:: PROBLEM REQUIREMENTS ::
Every line of the listing below from the one with "Vintage 90’s Pastel" up to and including the one with "En una cálida" should be retyped exactly, and nothing else; pictures are not part of the copy.

:: EXTRACTED DATA ::

[Start of Attachment]

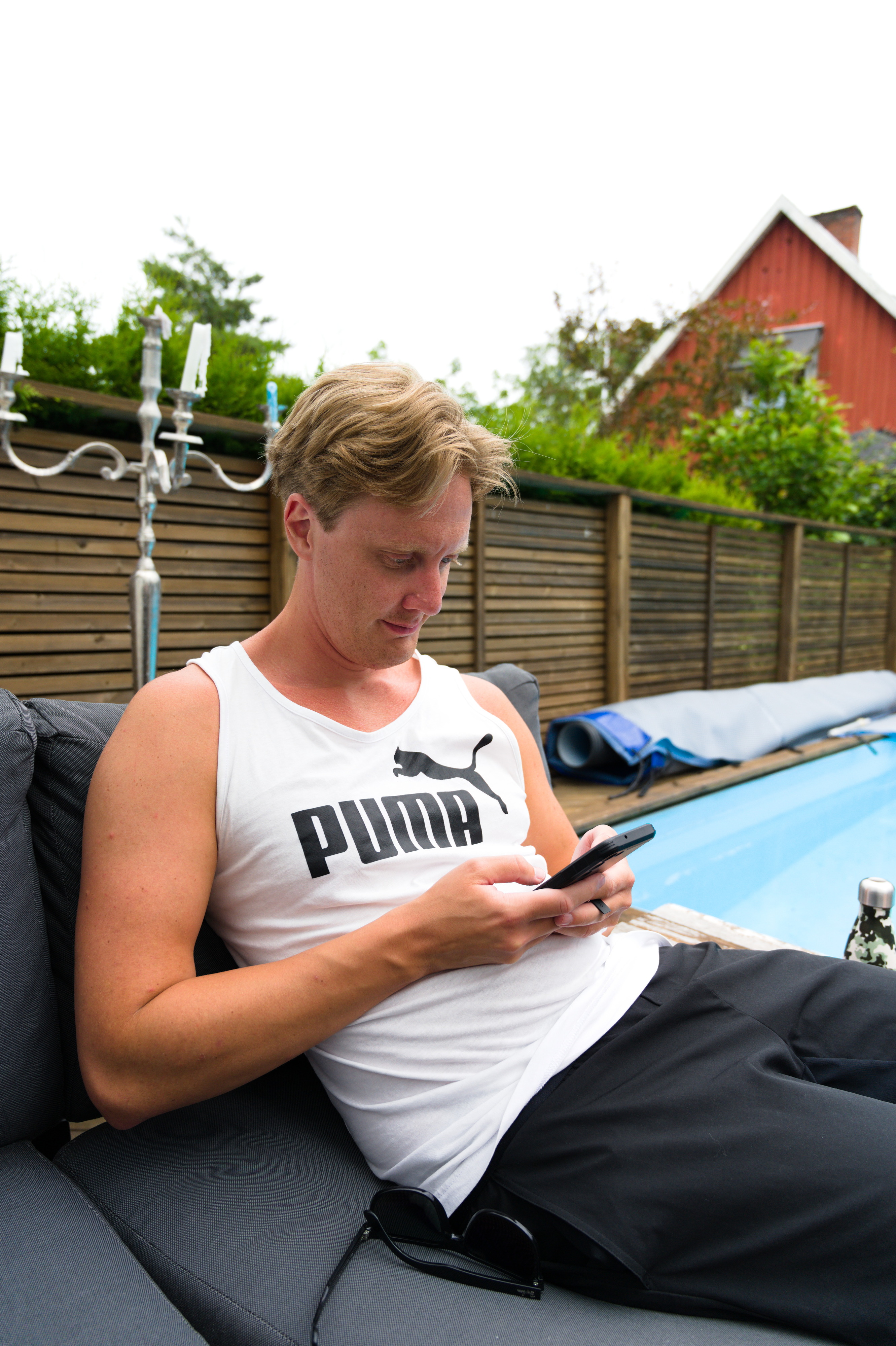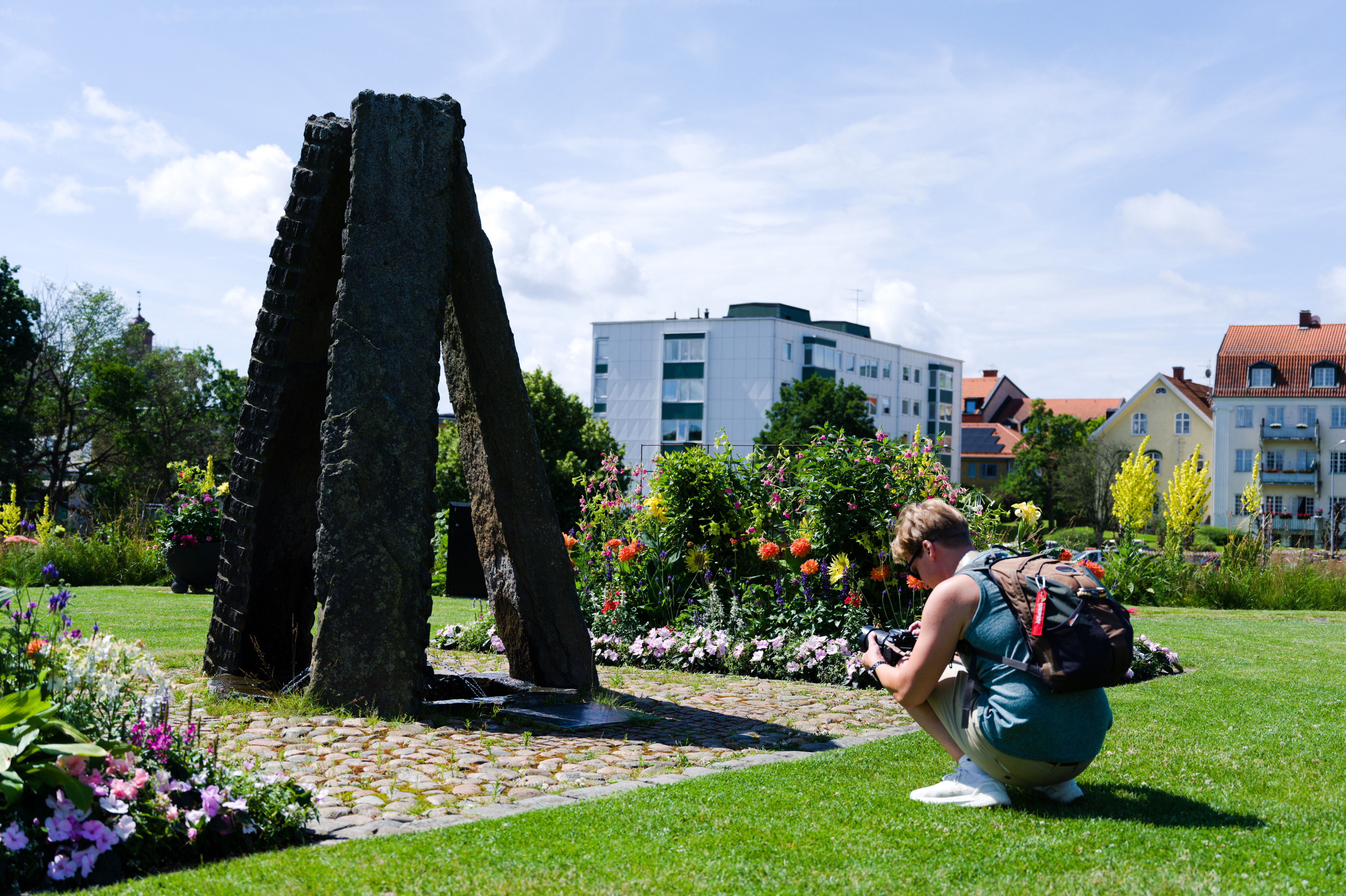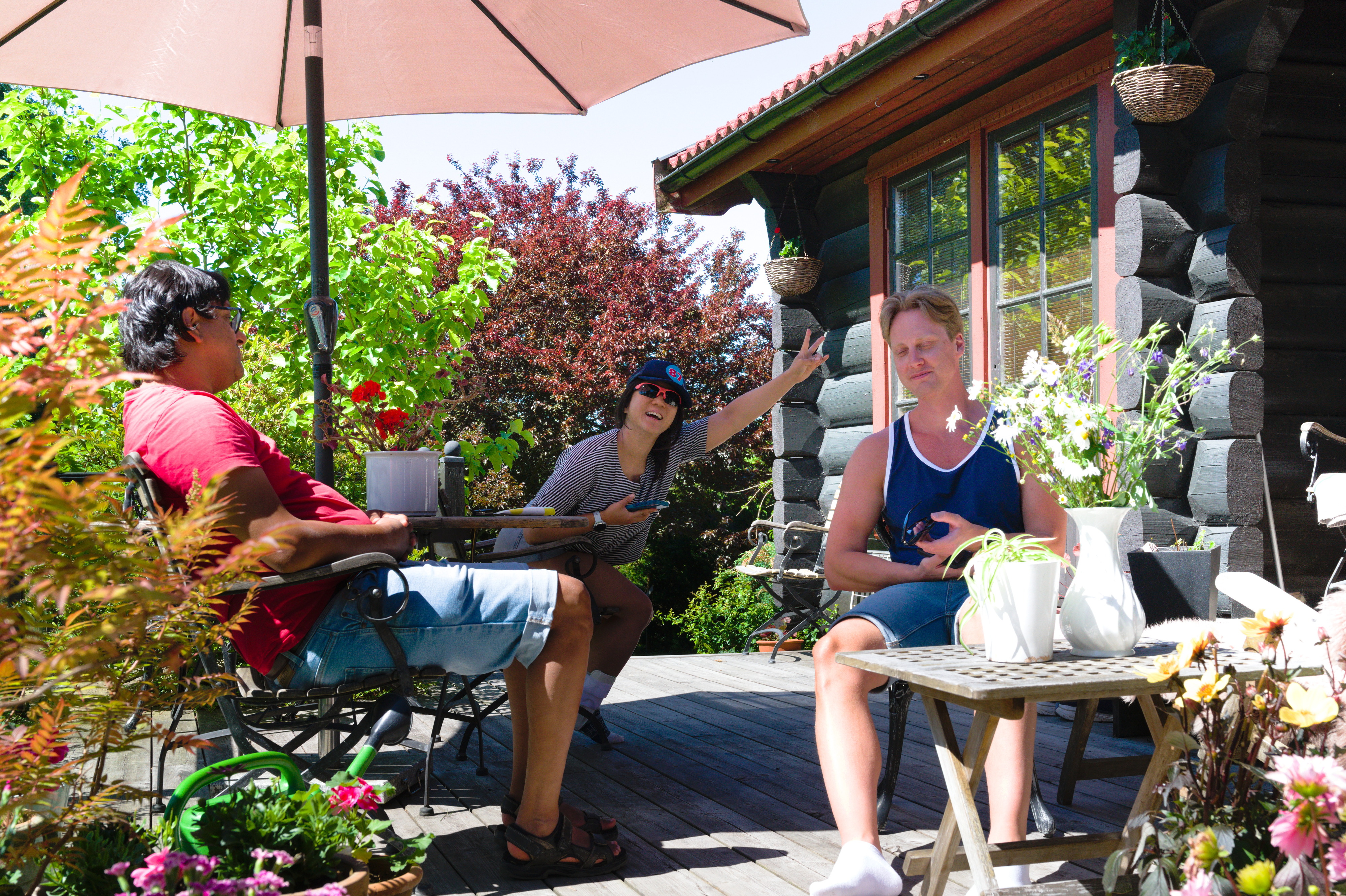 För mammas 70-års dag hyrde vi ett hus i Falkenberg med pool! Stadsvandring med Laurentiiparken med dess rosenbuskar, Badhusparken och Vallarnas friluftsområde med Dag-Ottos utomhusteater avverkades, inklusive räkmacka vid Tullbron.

[End of Attachment]
[Start of Attachment]

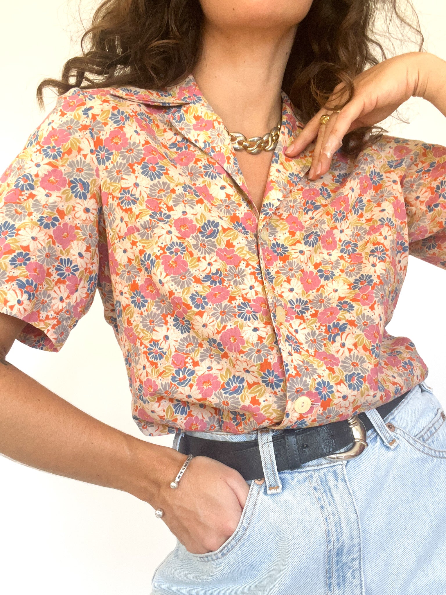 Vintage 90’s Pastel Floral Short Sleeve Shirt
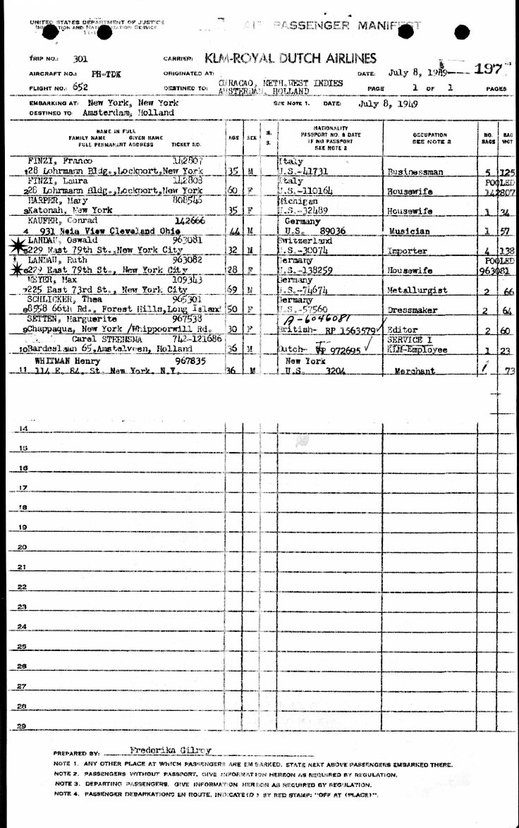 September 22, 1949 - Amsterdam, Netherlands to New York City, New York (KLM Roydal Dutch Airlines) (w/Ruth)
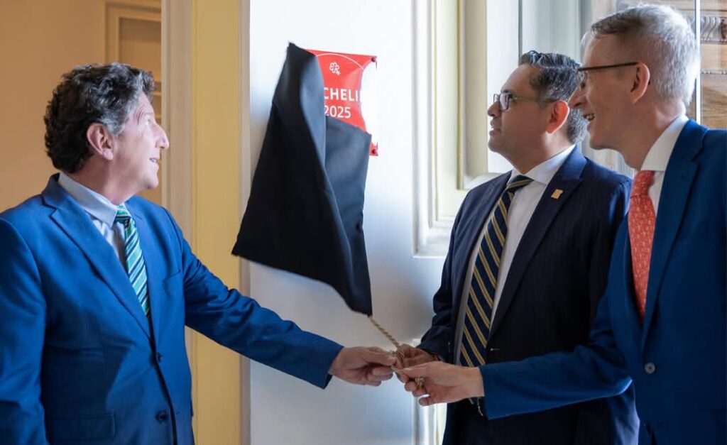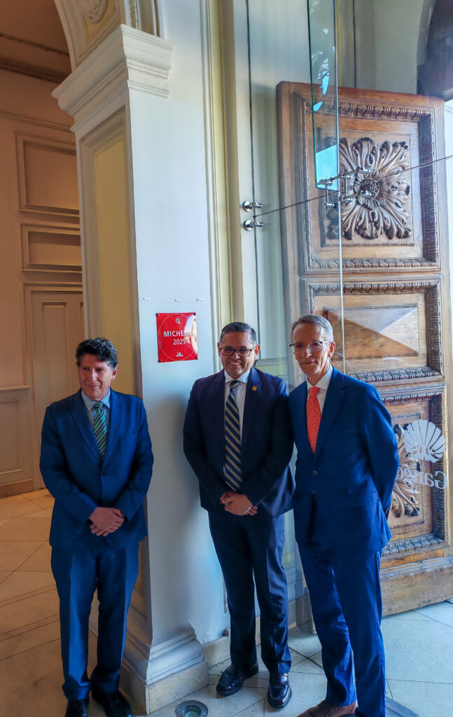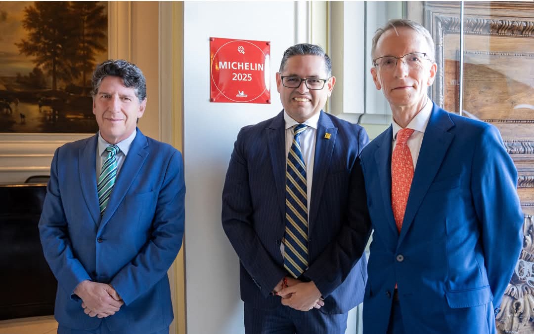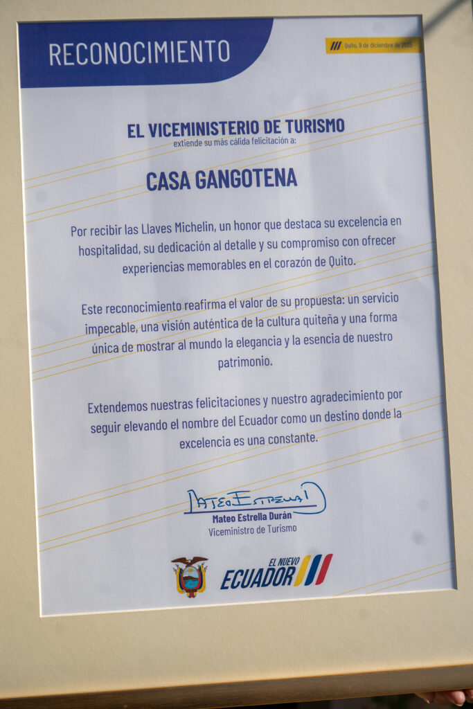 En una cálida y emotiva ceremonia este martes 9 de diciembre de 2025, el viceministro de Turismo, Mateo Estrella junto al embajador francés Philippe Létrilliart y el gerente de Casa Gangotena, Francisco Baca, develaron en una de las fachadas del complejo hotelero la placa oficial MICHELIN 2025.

[End of Attachment]

:: THE COMPLETED TASK ::
 Vintage 90’s Pastel Floral Short Sleeve Shirt
 September 22, 1949 - Amsterdam, Netherlands to New York City, New York (KLM Roydal Dutch Airlines) (w/Ruth)
 En una cálida y emotiva ceremonia este martes 9 de diciembre de 2025, el viceministro de Turismo, Mateo Estrella junto al embajador francés Philippe Létrilliart y el gerente de Casa Gangotena, Francisco Baca, develaron en una de las fachadas del complejo hotelero la placa oficial MICHELIN 2025.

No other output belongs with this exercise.